She picked up her fork, neatly cutting off a corner of her pastry. "Perhaps we are sending you to the wrong point in time. Have you thought about returning _after_ your misadventure in Cuba?"

Erik flinched. His teaspoon rattled against the saucer.

"I can't possibly— why would Charles—"

"Accept you? Or is it that you can't accept him as he is? A _cripple_." The word twisted viciously in Irene's mouth, and Erik remembered that Irene was blind, despite her serene omniscience. "Are you truly that human, Erik Lehnsherr?"

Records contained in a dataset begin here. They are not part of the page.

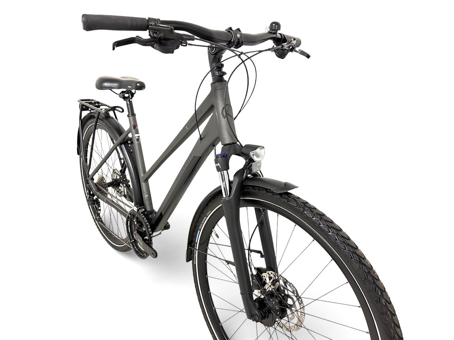 Der leichte und steife Kalkhoff Trekking 1.6 Aluminiumrahmen in Trapezform bietet eine angenehme Sitzposition und erleichtert das Auf- und Absteigen. Mit einem zulässigen Gesamtgewicht von bis zu 130 kg ist das Endeavour 30 bestens für Alltag und Reiseeinsatz gerüstet.
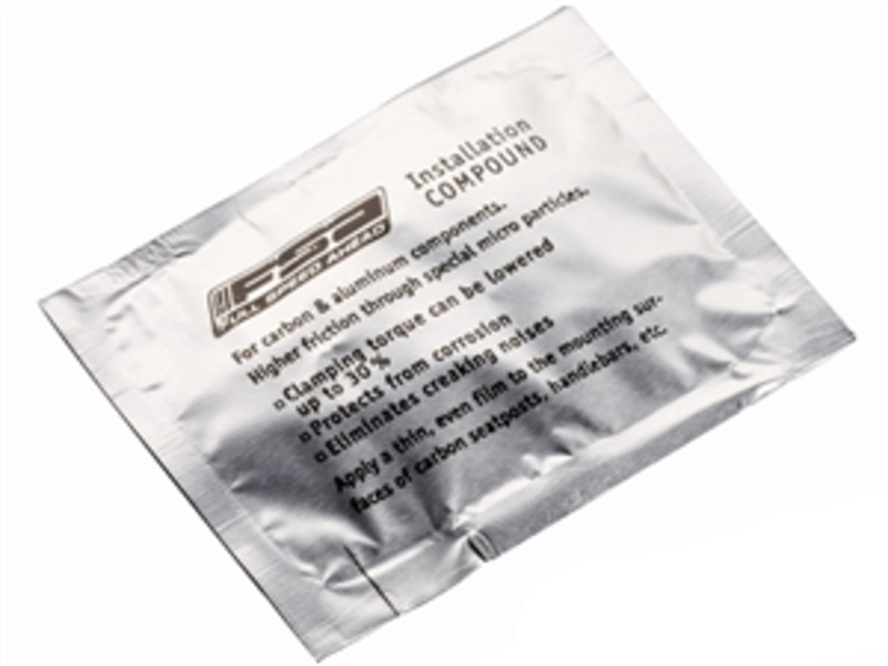 Montážní pasta FSA, 5g Montážní pasta určená pro montáž karbonových a duralových komponentů. Díky svému složení zvyšuje tření mezi povrchami, čím je možné použít nižší utahovací momenty šroubů až o 30% a má antikorozní vlastnosti. Hmotnost 5 g.
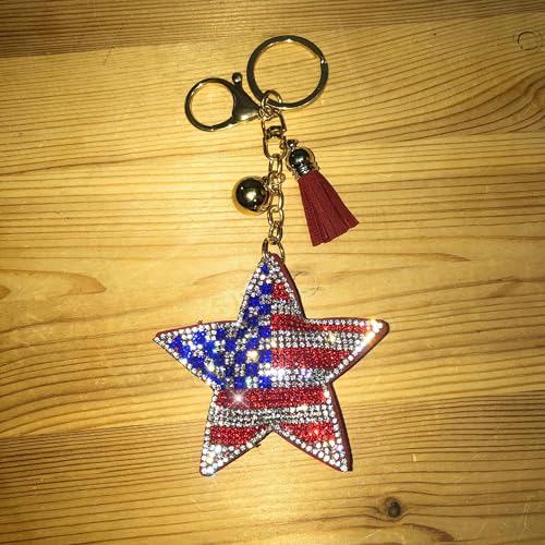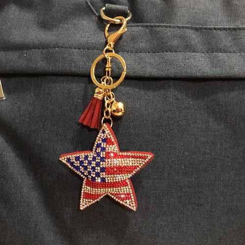 HOT ! Popfizzy Rhinestone American Flag Keychain for Women, Bling Star Keychain, Purse Charms for Handbags, Cute Gifts

"Charles is the most powerful mutant I have ever met," he said flatly, stung. Irene, unmoved, lifted a forkful of pastry to her lips. Erik pushed back his chair. "He needs more than what I can give him— after. I can't give up my cause to play house with him, Irene. I did what I did not just for him, but for all of mutantkind."

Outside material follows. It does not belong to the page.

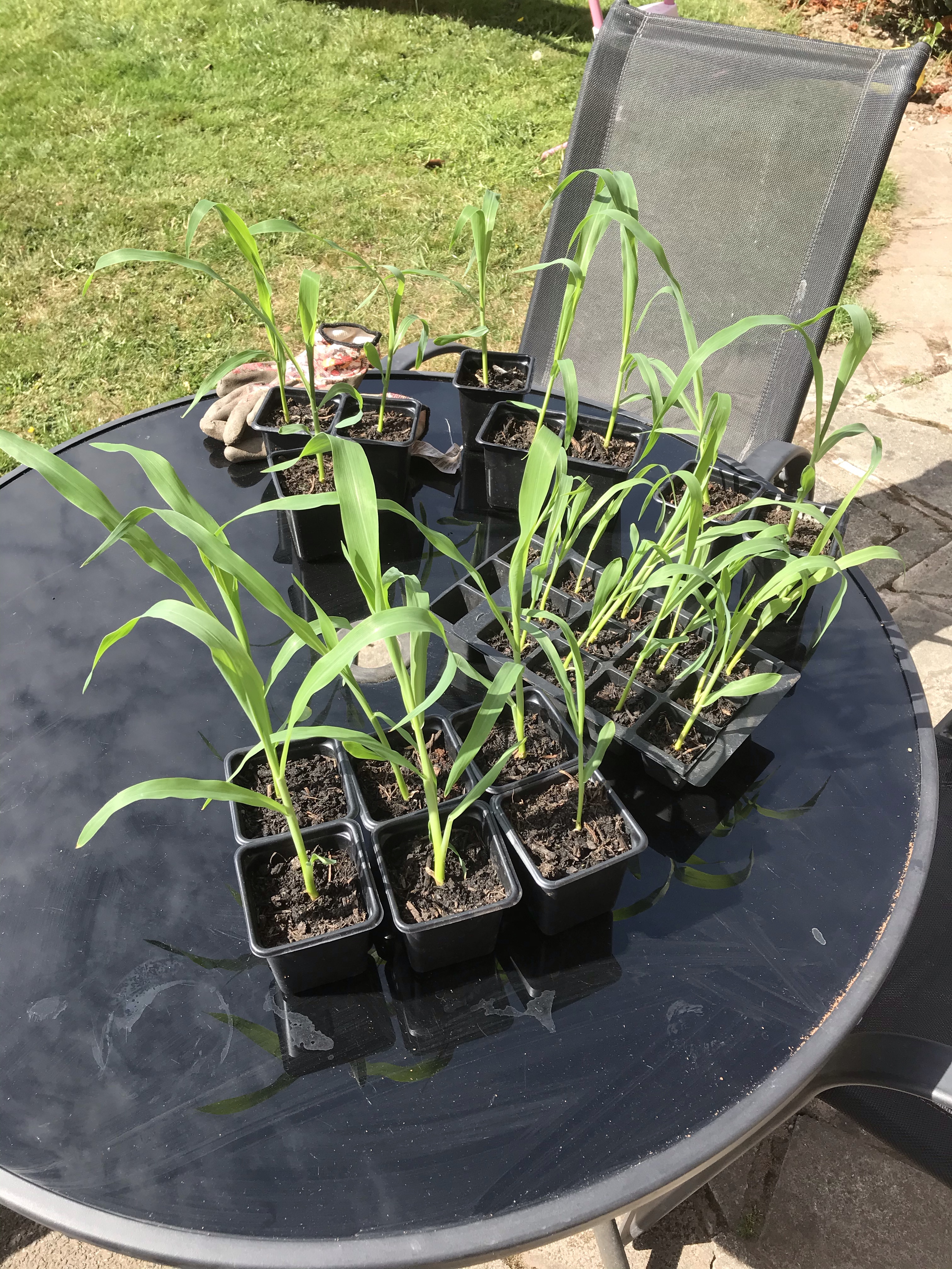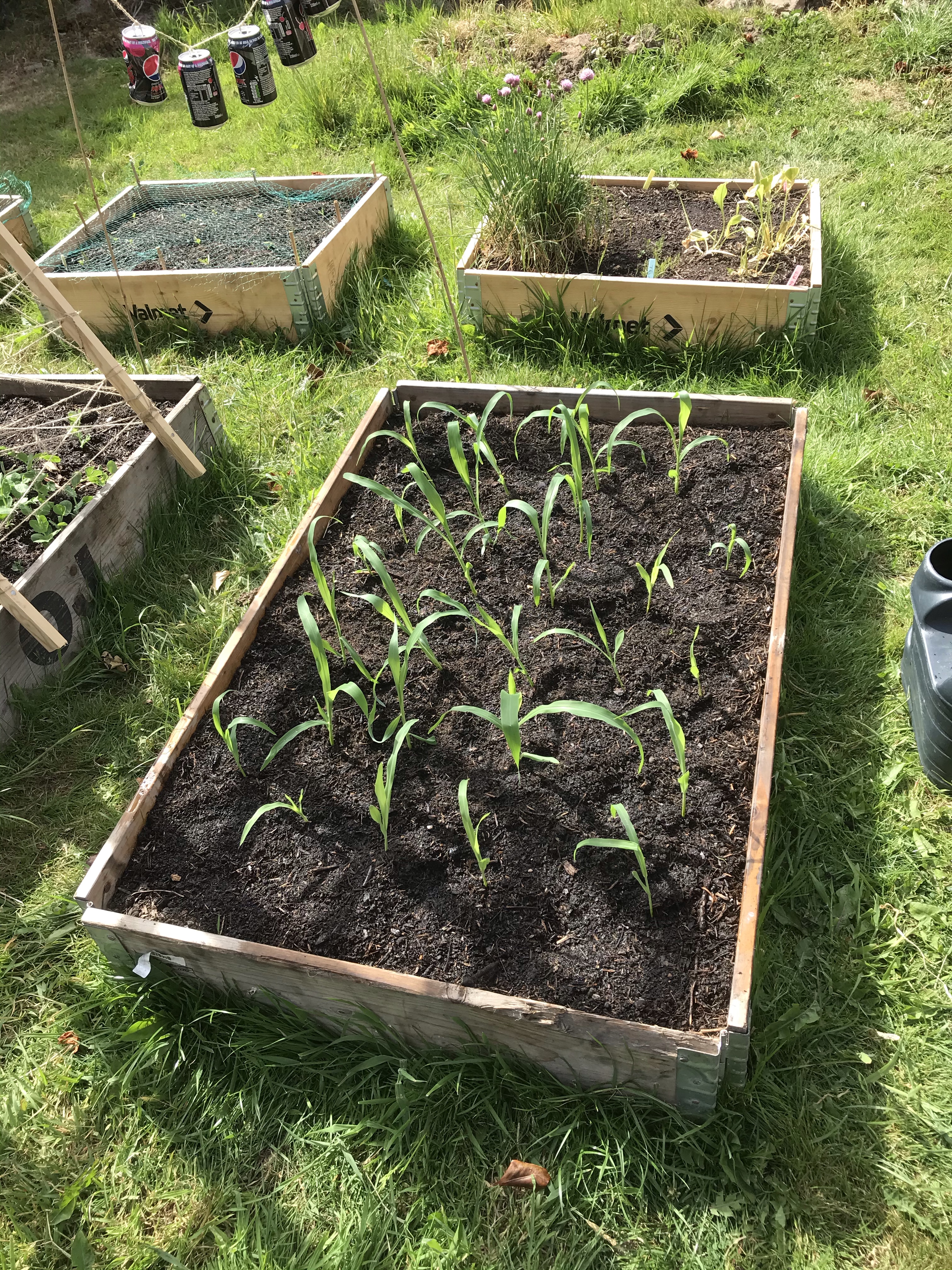 The Sweetcorn has now been planted out into the raised bed. It’s a good job we waited, as the pea trellis falling would have squashed them all. Just hoping the birds will leave them alone now, here’s to hoping 😂.

"And you don't believe that Charles is as dedicated to _his_ cause?" She paused, considering. "Perhaps you do. Perhaps that's the problem. You don't see a way out of your impasse. You return again and again to the time when you were lovers — was he more pliable then? More open to your ideology? As if love was ever enough to change either of your destinies." 

Erik opened his mouth, but Irene raised a hand and shook her head. "Never mind, you can't listen to what you won't hear. Now, shall we begin again?"

"Yes, the usual time." Glass crunched under his feet as he stood. He would get it right, Erik thought, for as many tries as it took. He hesitated. "No, perhaps— no. The usual time. Again."


End file.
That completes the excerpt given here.